*** Opening THE RECORDS ***
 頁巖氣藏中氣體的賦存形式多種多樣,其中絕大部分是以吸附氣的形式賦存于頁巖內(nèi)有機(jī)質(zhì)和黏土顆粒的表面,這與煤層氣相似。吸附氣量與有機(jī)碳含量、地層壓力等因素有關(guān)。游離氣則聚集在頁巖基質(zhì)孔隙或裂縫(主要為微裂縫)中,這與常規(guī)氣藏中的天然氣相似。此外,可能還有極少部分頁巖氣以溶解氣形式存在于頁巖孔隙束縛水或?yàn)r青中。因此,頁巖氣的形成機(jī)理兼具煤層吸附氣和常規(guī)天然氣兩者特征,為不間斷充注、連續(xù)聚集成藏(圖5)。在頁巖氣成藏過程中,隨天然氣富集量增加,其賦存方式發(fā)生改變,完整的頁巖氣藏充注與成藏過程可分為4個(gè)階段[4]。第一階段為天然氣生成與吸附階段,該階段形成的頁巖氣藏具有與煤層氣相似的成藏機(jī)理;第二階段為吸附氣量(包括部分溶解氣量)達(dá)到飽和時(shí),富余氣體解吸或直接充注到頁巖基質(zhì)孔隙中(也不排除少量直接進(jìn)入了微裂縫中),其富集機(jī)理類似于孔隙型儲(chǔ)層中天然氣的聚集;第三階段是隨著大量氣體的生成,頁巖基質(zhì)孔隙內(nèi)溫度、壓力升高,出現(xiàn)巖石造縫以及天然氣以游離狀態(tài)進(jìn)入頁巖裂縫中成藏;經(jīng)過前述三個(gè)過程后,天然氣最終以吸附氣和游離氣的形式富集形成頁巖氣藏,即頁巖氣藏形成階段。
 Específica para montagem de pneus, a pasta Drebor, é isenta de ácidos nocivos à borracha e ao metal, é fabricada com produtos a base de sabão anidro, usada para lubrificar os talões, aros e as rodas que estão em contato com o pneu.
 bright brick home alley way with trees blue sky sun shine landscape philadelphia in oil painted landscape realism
*** Closing THE RECORDS ***
*** Opening THE RECORDS ***
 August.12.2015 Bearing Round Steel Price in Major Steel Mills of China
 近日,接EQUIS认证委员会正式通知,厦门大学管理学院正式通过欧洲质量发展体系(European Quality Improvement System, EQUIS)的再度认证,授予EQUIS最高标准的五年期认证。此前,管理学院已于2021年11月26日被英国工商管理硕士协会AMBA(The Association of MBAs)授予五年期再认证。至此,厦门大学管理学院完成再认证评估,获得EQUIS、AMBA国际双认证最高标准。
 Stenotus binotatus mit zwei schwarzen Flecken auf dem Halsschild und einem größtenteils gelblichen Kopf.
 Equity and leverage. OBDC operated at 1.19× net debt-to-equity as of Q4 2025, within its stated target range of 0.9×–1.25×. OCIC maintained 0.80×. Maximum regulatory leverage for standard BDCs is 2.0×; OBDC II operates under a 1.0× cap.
*** Closing THE RECORDS ***
● YOUR INSTRUCTIONS: What is needed is an exact copy of the lines above, from the one containing "Stenotus binotatus mit" through the one containing "Equity and leverage.", with nothing added.

● OUTPUT OF THE TASK:
 Stenotus binotatus mit zwei schwarzen Flecken auf dem Halsschild und einem größtenteils gelblichen Kopf.
 Equity and leverage. OBDC operated at 1.19× net debt-to-equity as of Q4 2025, within its stated target range of 0.9×–1.25×. OCIC maintained 0.80×. Maximum regulatory leverage for standard BDCs is 2.0×; OBDC II operates under a 1.0× cap.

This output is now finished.